Police officers were not simply reprimanded and sent to another precinct; they were fired and prosecuted, as were teachers and others. Not so with the priests, however few they might have been. The bishops simply moved them to another parish, where they continued their horrific behavior. And in Boston, where the scandal erupted, the presiding cardinal who oversaw such evasion was moved out of the country (to a cushy job in Rome, where he is protected from the prospect of being arrested or even questioned by civil authorities for his behavior in harboring such offenders.)
Marolt misses the essential point of the church holding itself, through its hierarchy, above the civil law — to say nothing of the astonishing hypocrisy of that same hierarchy then deeming to dictate moral standards to the rest of the world! He suggests that pedophilia is now being “vigorously addressed” within the church, but he doesn’t seem to accept that this was hardly the result of some moral awakening (“Oh, pedophilia is a bad thing — who knew?”) and rather the result of multimillion-dollar lawsuits impacting church coffers.

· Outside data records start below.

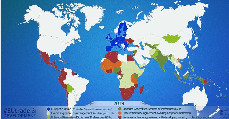 The EU’s trade agenda contributes to the United Nations Sustainable Development Goals around the world. The preferences provide beneficiary countries with an incentive to take further steps towards effectively implementing international conventions related to human rights, labour rights, environment and good governance.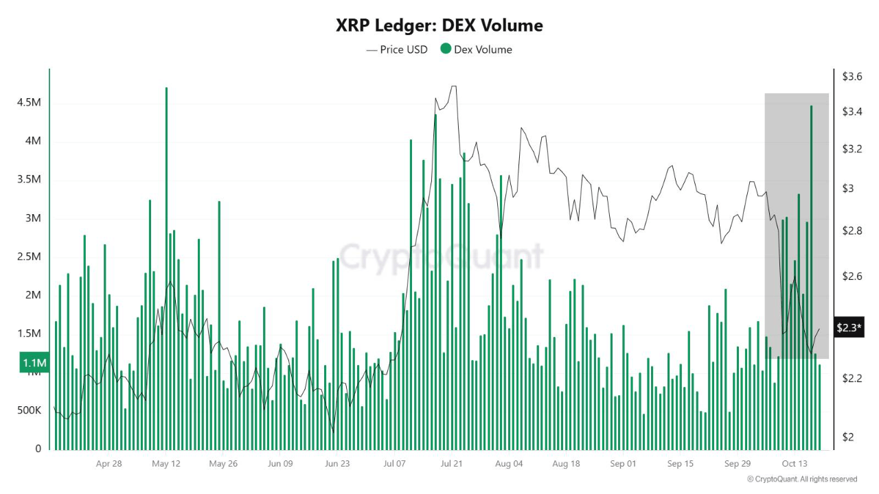 According to data shared by CryptoQuant analyst CryptoOnchain, the XRP Ledger’s decentralized exchange (DEX) has shown a striking divergence between price and activity. Between October 8th and 17th, as XRP’s price plunged from around $3.0 to $2.3, DEX trading volume spiked to a multi-month high. This surge in activity, highlighted in the greyed-out region of the chart, signals that despite price weakness, on-chain engagement remains robust.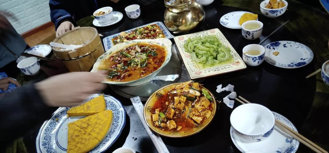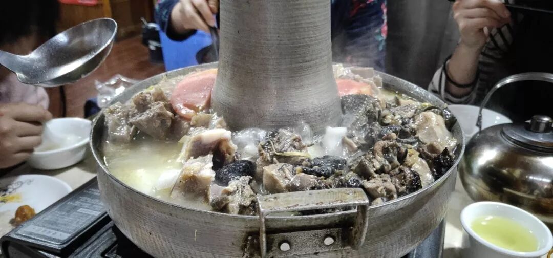 辗转一天,黄昏时终于抵达临时歇脚一夜的客栈。客栈门口东北人开的腊排骨火锅满足了所有人的胃。

Defense was offered, as well, on church positions on other social issues such as contraception and marriage. But he failed to more broadly note the continued relegation of women to the position of being lesser individuals within the church. There is no theological basis for prohibiting women from the priesthood (and also no theological basis for prohibiting priests to be married); these are simply “rules” concocted, mostly in the Middle Ages, for various political and economic reasons. Yet today, in some dioceses, women are not even allowed to be altar girls or to preach from the pulpit in any capacity. The church remains an exclusively male-dominated structure with the resultant male-dominated view of social issues impacting women’s rights.
In sum, the church is running about 300 years behind the rest of Western culture. Pius IX opposed Garibaldi and the nationalist forces seeking to unify Italy. Louisiana bishops supported slavery in the run-up to the Civil War. Leo XIII, in the late 19th century, famously stated that “the church is a society of unequals, some to command and some to obey. The former are the clergy, and the latter the laity.”
Marolt seems to still support that view.
If the church is to offer solace and comfort, and to offer moral guidance in a complex world, then it needs to join that world in order to be relevant.
Perhaps Pope Francis will advance that change, as it otherwise still looks like a medieval church structure, with medieval behavior, to the rest of us.